In the rhombic dodecahedral board, I observed an interesting direction. (I tried reading Oddly Oblique to see if you'd named it there, but I couldn't tell; your construction of the pieces for a rhombic dodecahedral board was difficult to follow without more knowledge than I have of your cubic pieces and of your reducing process.) Its SOLL is 6, analogous to your cubic Sexton, and it can be found by making three mutually perpendicular Ferz steps (not possible in cubic) or equivalently a Ferz step and a perpendicular Dabbabah step. (I am guessing it is the one that Oddly Oblique calls a Sexton?)

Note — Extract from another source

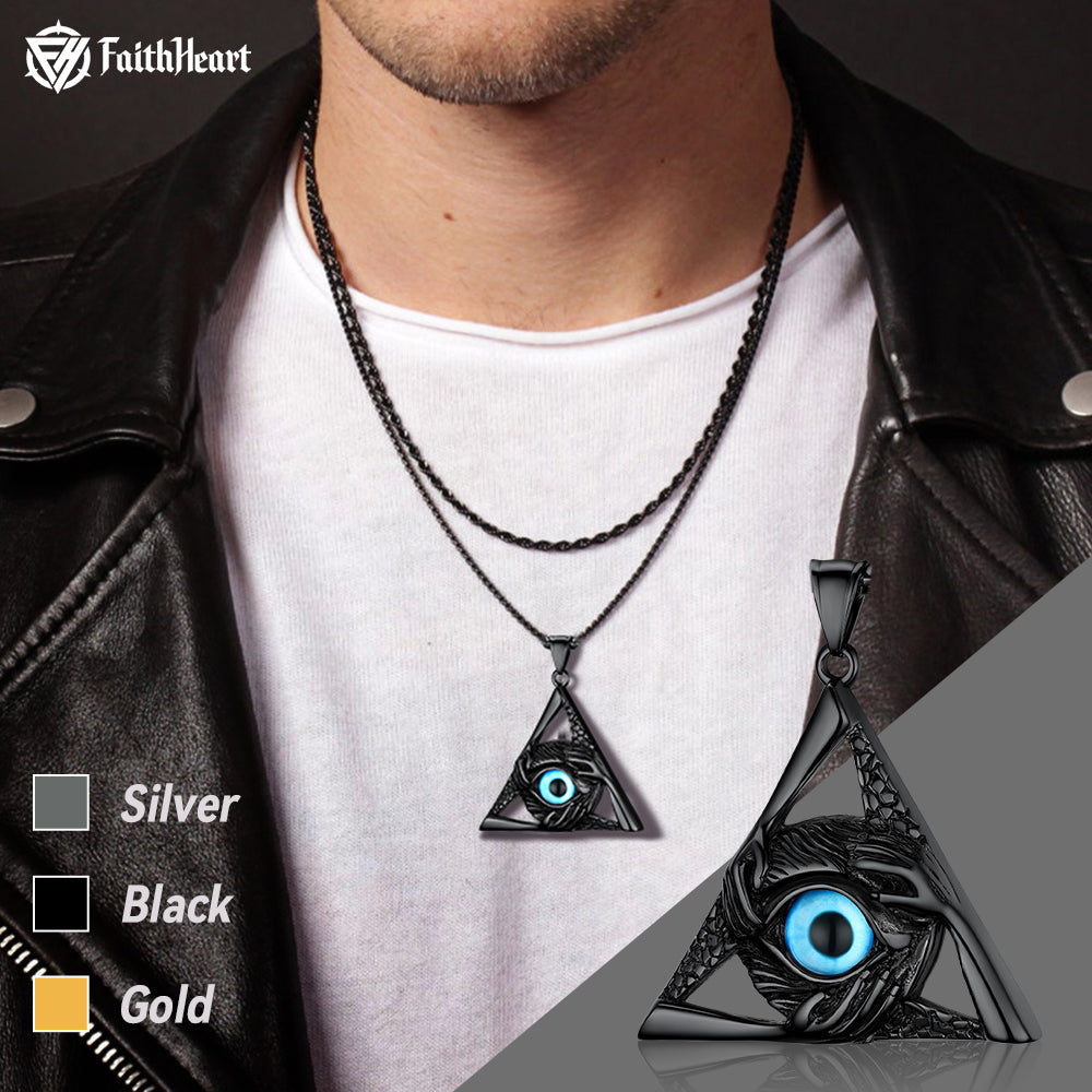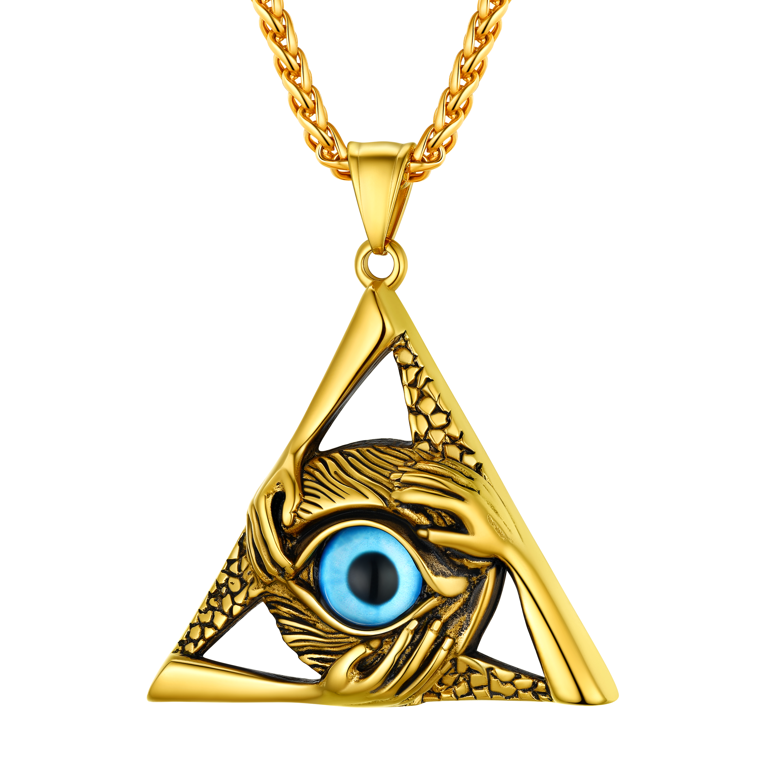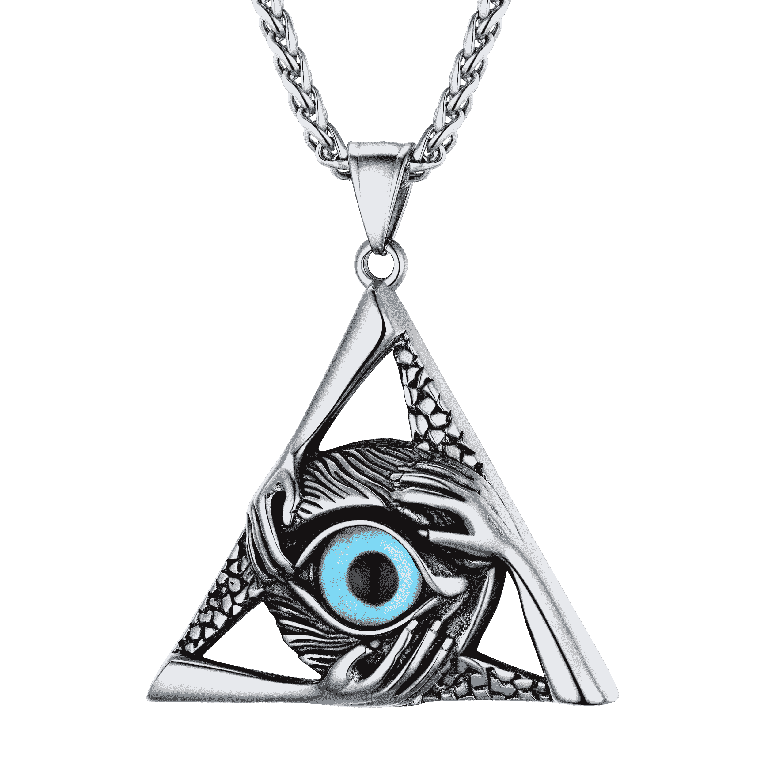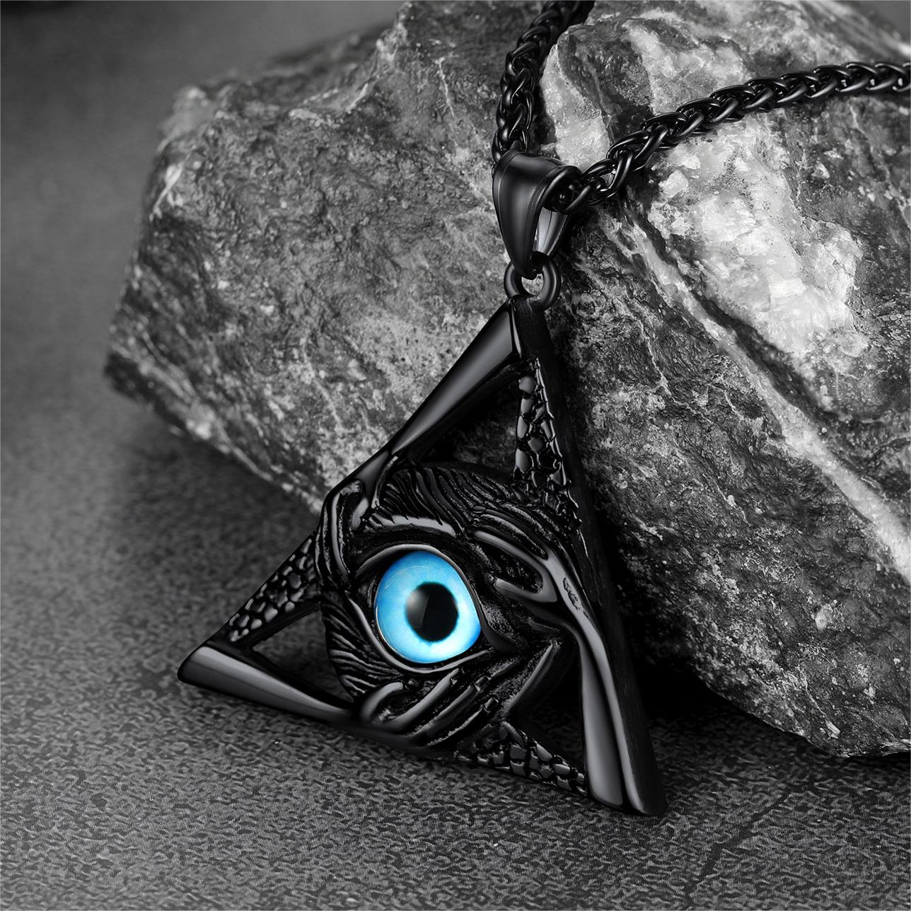 O mau-olhado simboliza o guardião, bloqueando todas as coisas ruins e trazendo boa sorte. Colar vintage com amuleto triangular detalhado, colar de proteção, feito de aço inoxidável de alta qualidade, sem chumbo e níquel. O colar com amuleto do mau-olhado pode ser um presente perfeito para seus entes queridos, tornando-se uma lembrança preciosa.

The interesting property is that it, too, does not pass through any other cell. It passes along the edges of six other cells (three a Wazir step away, three a Viceroy step away) but the first cell it enters is the destination.
I've illustrated it here. The starting square is red; green is a Wazir step, while blue is a Ferz step. Yellow is a Viceroy step. The direction in question is included in purple.
Only distantly related, but also worthy of note, the family of shapes that brought us cubic and rhombic dodecahedral has a third member. The truncated octahedral tiling is as yet unexplored in chess variants, to my knowledge. It is found by removing three-quarters of the cells of a cubic; if we consider the chess pieces as residing on points instead of in cells, it is a body-centered cubic crystal system (as compared to a simple cubic, a hexagonal, or rhombic dodecahedral's face-centered cubic). I don't think its properties are as interesting as those of the other varieties, but it could be worth investigating.